What is being asked ▸ What is needed is an exact copy of the lines in the entries below from the one holding "The instructions given" through the one holding "Чтобы к сумме", pictures excluded.

Records for the exercise ▸
--- START ---

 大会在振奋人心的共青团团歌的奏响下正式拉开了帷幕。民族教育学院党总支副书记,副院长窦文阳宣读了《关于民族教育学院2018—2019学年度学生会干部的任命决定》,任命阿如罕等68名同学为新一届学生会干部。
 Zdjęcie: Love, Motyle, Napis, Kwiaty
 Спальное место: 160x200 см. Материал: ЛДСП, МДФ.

--- END ---
--- START ---

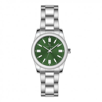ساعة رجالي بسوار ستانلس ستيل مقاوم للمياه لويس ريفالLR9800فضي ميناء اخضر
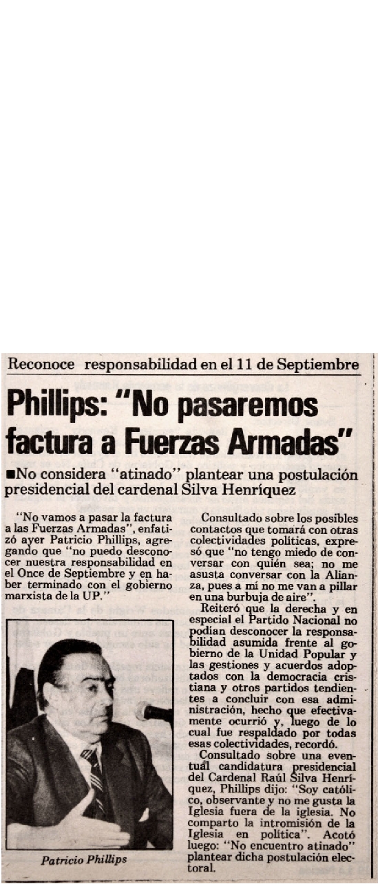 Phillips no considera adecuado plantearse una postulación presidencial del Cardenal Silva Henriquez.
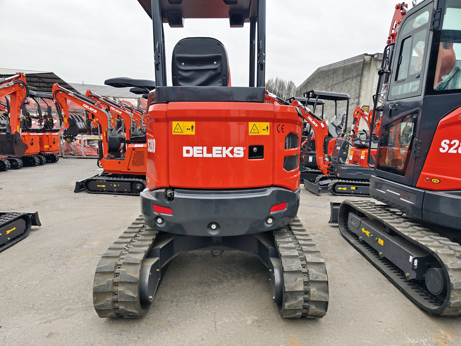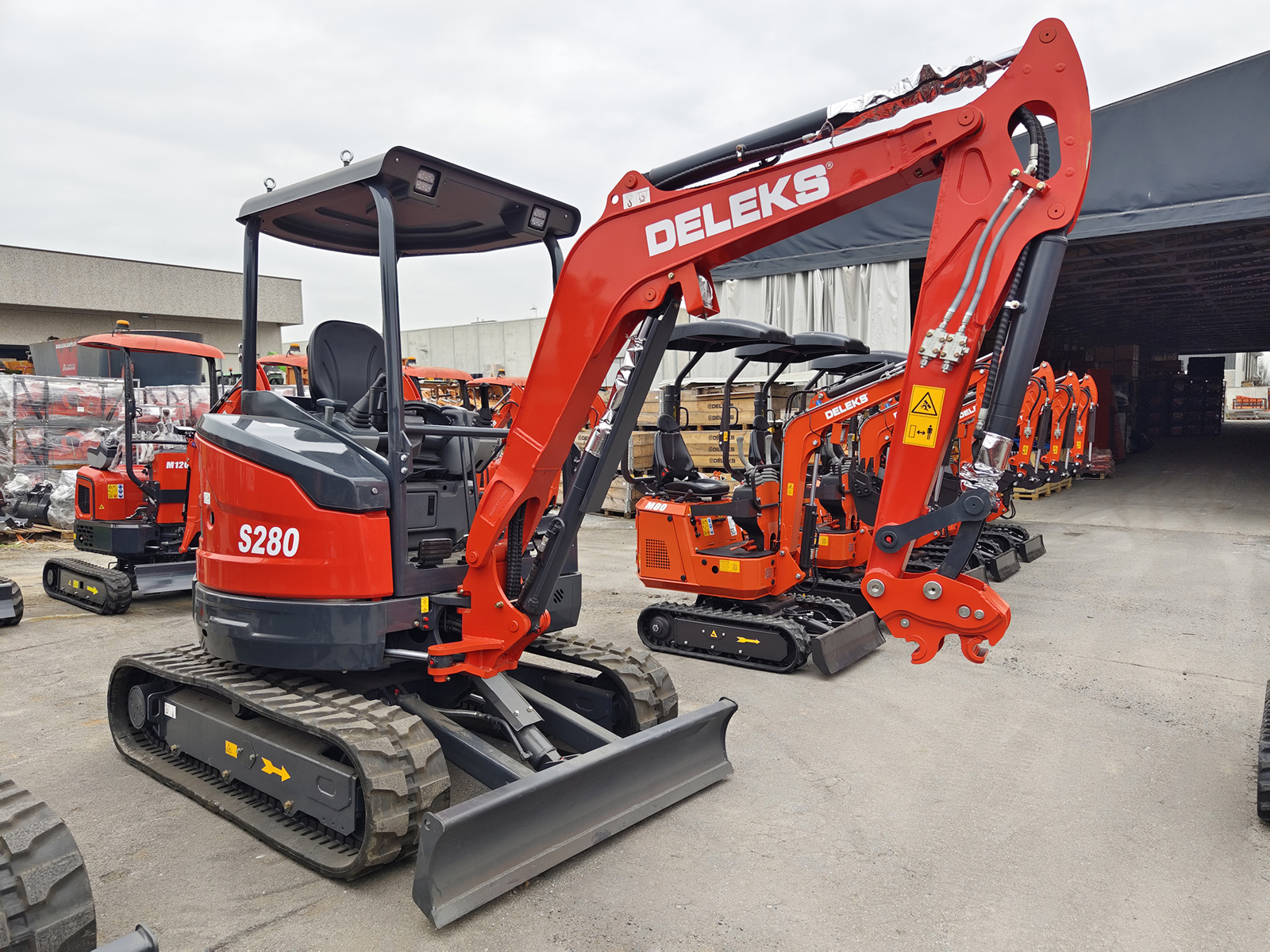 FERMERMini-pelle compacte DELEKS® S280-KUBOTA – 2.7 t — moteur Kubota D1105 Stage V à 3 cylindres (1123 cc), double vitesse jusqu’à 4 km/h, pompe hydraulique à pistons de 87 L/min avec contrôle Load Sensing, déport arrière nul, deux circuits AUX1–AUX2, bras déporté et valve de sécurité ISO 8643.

--- END ---
--- START ---

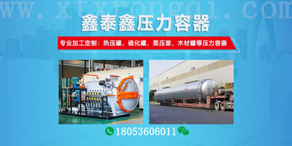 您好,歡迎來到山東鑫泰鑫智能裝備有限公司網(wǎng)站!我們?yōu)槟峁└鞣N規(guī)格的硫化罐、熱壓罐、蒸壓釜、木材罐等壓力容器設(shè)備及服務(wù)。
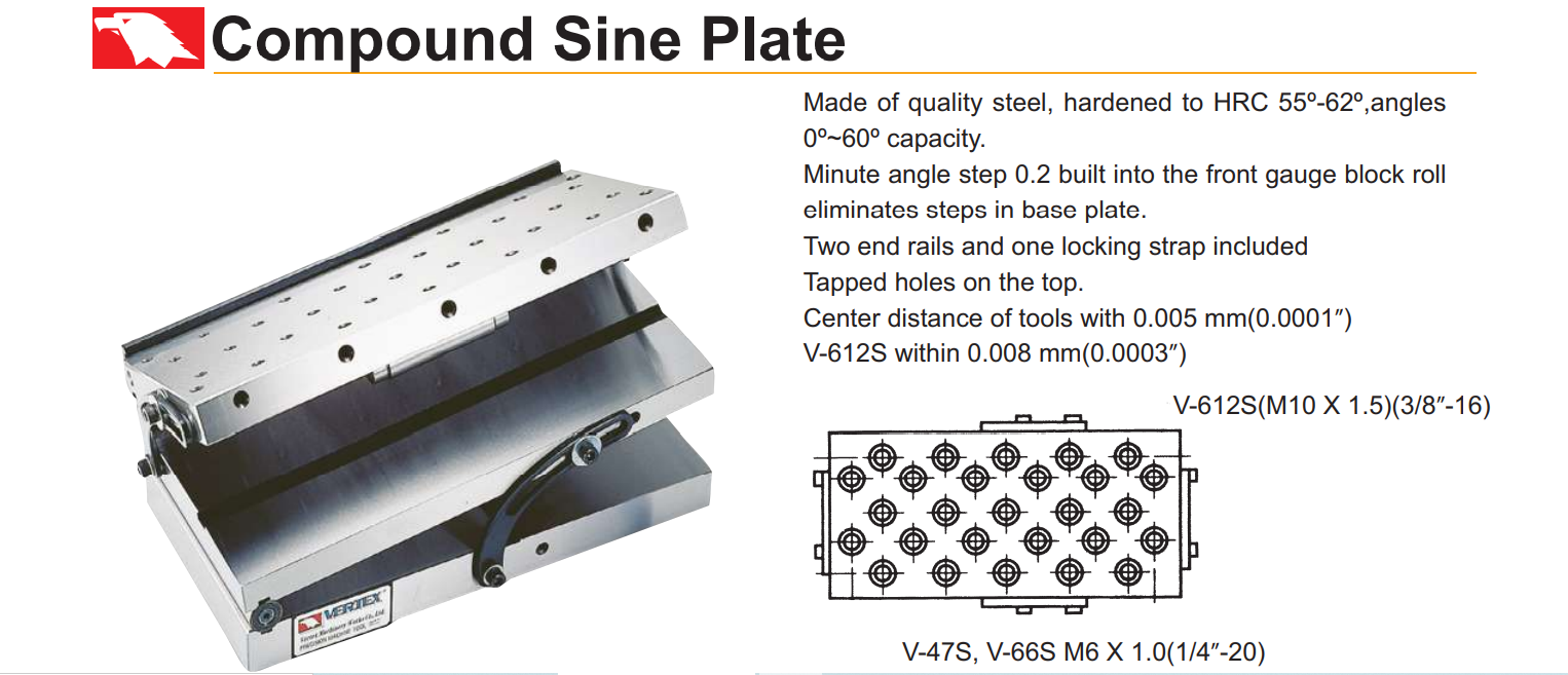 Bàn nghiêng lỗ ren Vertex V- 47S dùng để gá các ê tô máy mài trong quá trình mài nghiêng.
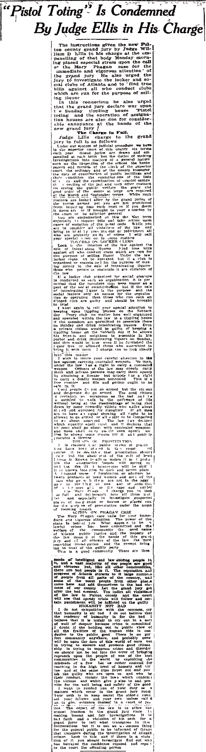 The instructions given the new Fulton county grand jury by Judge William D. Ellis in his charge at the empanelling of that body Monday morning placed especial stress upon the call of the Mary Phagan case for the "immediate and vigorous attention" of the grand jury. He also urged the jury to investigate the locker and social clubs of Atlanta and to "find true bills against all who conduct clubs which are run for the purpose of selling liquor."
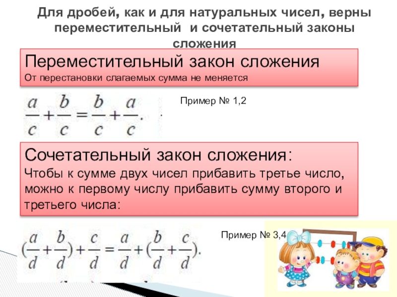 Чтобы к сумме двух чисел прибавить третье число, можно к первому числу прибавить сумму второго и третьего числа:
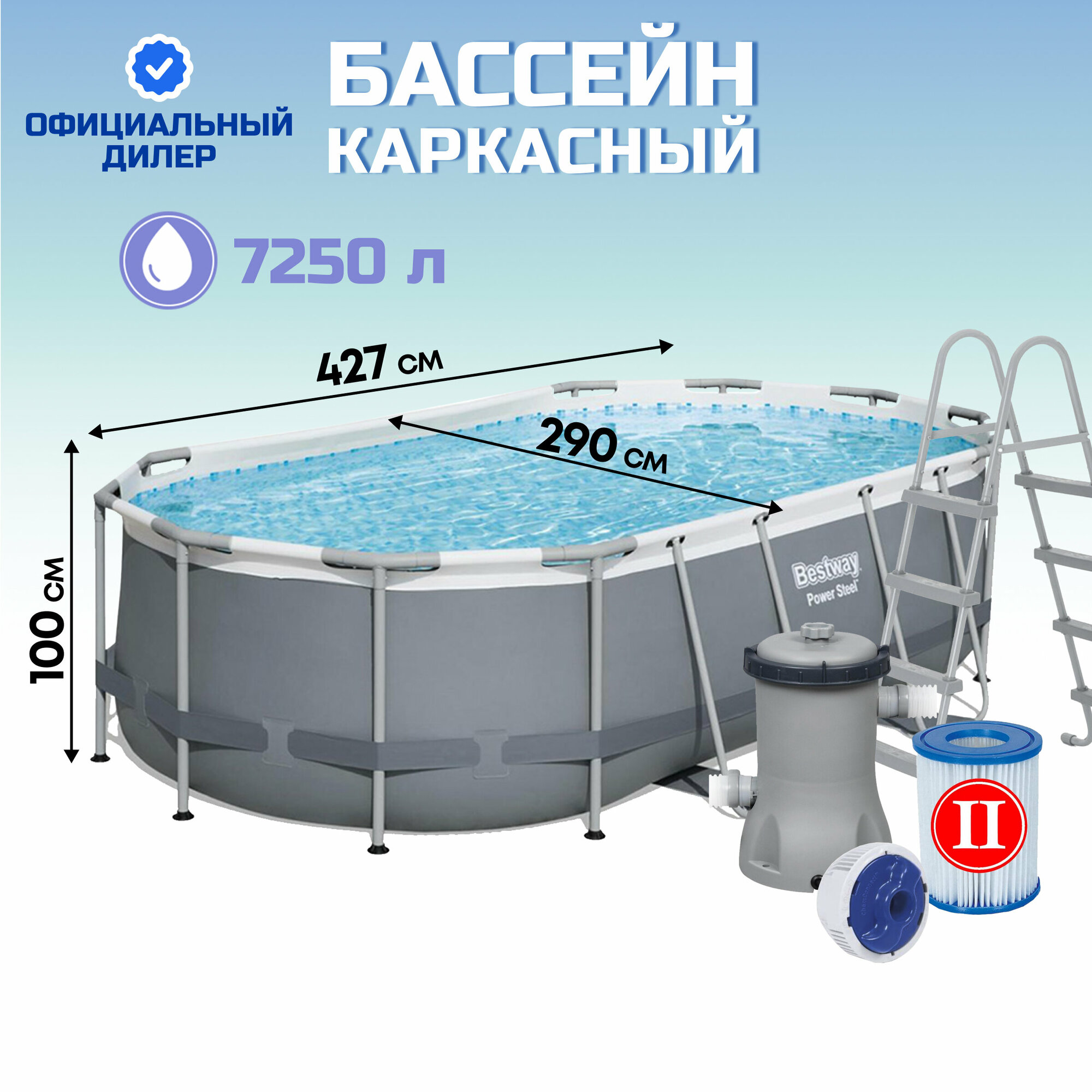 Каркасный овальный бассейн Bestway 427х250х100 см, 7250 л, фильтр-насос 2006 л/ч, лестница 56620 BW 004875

--- END ---

Task response ▸
 The instructions given the new Fulton county grand jury by Judge William D. Ellis in his charge at the empanelling of that body Monday morning placed especial stress upon the call of the Mary Phagan case for the "immediate and vigorous attention" of the grand jury. He also urged the jury to investigate the locker and social clubs of Atlanta and to "find true bills against all who conduct clubs which are run for the purpose of selling liquor."
 Чтобы к сумме двух чисел прибавить третье число, можно к первому числу прибавить сумму второго и третьего числа:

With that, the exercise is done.